Aha I've had this before, I know what that is! The positive battery clamp is slightly too big for it's terminal and comes loose twice a year. Clean terminal, wrap cooking foil around it, clamp is now tight, car starts, I've not seen the red light since........
BrianJ

fastrack1966
13th March 2004, 09:25
Spoke too soon! The lights back on again. Rang Lucas and they say their regulator/brush box is about £24. No other dealer round here does alternator bits. ETV mentioned a reg/brush box for "a tenner". It may be worth my trying mail order if anyone can suggest a source for a tenner please?

BJ

talkingcars
13th March 2004, 10:56
And how on earth (without the use of an air wrench) does one get the pulley wheel nut undone?

I have tried several methods but to no avail.

James

tony
13th March 2004, 13:11
you need a vice and a fan belt,put the fan belt round the pully and then tighten the belt in the vice ,nice and tight turn the alternator 1 full turn to twist the belt even tighter then try to undo the nut :) ,good luck

talkingcars
13th March 2004, 20:52
or lay the alternator on its side on the ground, hold the nut with a long 22mm spanner resting on the ground, insert a 7mm (or was it 8) allan key into yhe end of the spindle, wack the allan key with a 16oz club hammer twice. The nut comes loose.

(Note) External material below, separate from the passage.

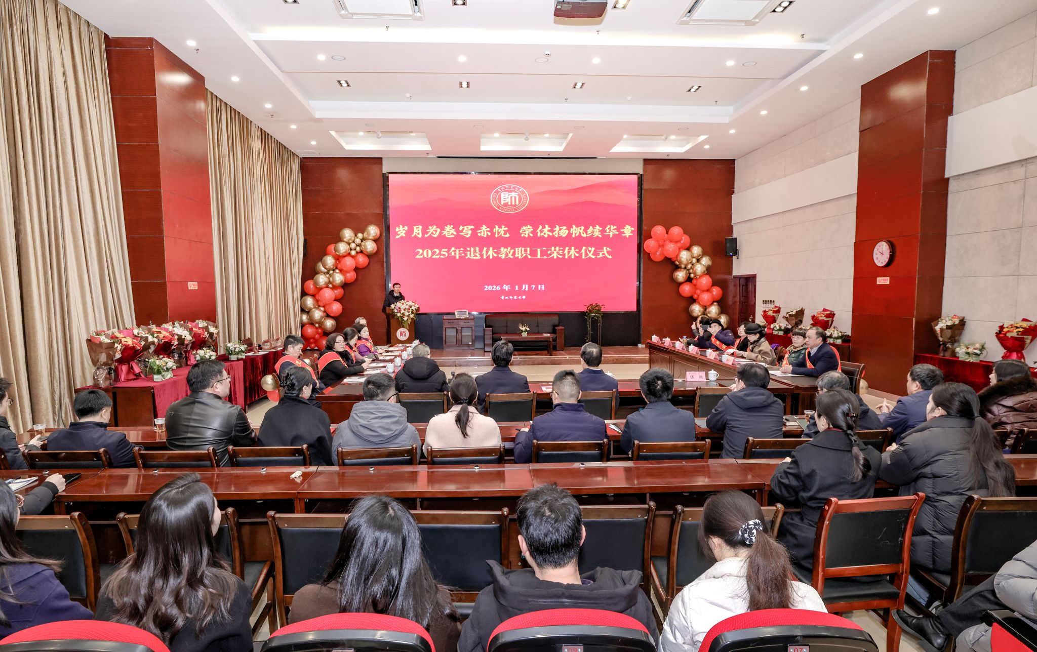 1月7日上午,学校在行政主楼六楼多功能厅举办2025年退休教职工荣休仪式。校党委书记黄其松,校党委副书记陈应勇,校党委常委、副校长伍权,副校长吴复忠出席。2025年荣休教职工代表、相关学院及职能部门负责人参加。

I tried it wacking the spanner but the alternator just twisted, I tried holding it still in the workmate but the 2 halves just twisted, I tried holding the fan still using a screwdriver, the first bent, the second bent the vanes on the fan.

Next problem - the alternator case on the 65amp diesel item is diffrent to the 55 amp O series petrol in that one of the mounting holes, the top one, is threaded, on the petrol it is slightly larger and not threaded - out with the drill I guess.